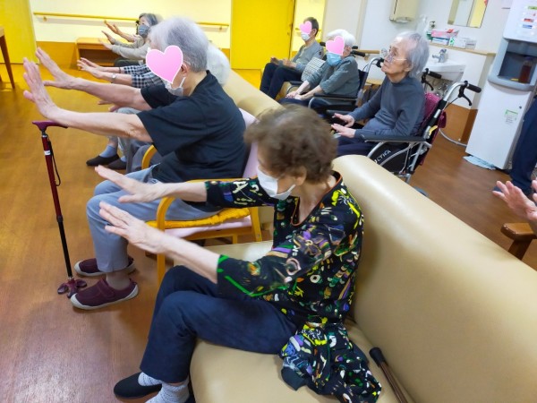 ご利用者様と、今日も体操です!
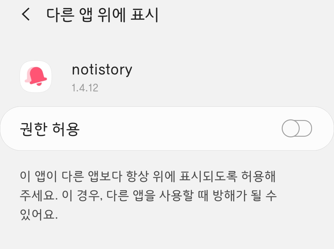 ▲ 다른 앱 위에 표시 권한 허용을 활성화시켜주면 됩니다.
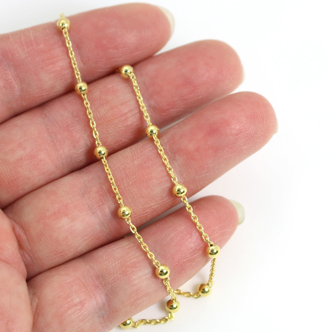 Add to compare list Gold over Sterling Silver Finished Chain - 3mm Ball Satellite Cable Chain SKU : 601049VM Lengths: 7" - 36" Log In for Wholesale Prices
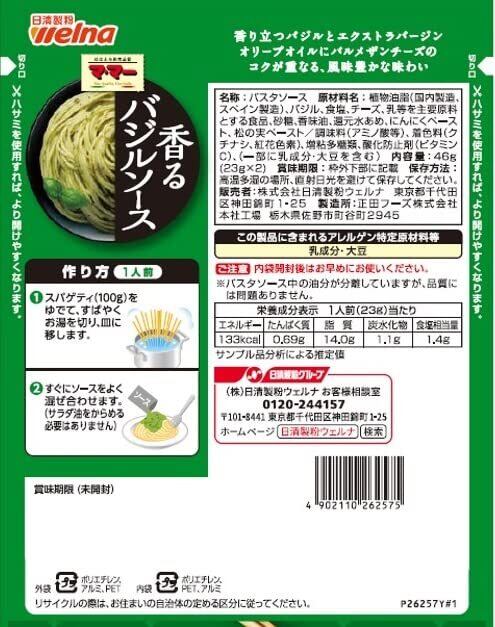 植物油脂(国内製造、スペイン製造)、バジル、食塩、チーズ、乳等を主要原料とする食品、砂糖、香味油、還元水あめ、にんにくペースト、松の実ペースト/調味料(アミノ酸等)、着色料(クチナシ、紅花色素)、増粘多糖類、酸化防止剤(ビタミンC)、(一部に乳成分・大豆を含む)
* * * * *
Leaving out only the pictures, return the material above unchanged.

-- Response --
 ご利用者様と、今日も体操です!
 ▲ 다른 앱 위에 표시 권한 허용을 활성화시켜주면 됩니다.
 Add to compare list Gold over Sterling Silver Finished Chain - 3mm Ball Satellite Cable Chain SKU : 601049VM Lengths: 7" - 36" Log In for Wholesale Prices
 植物油脂(国内製造、スペイン製造)、バジル、食塩、チーズ、乳等を主要原料とする食品、砂糖、香味油、還元水あめ、にんにくペースト、松の実ペースト/調味料(アミノ酸等)、着色料(クチナシ、紅花色素)、増粘多糖類、酸化防止剤(ビタミンC)、(一部に乳成分・大豆を含む)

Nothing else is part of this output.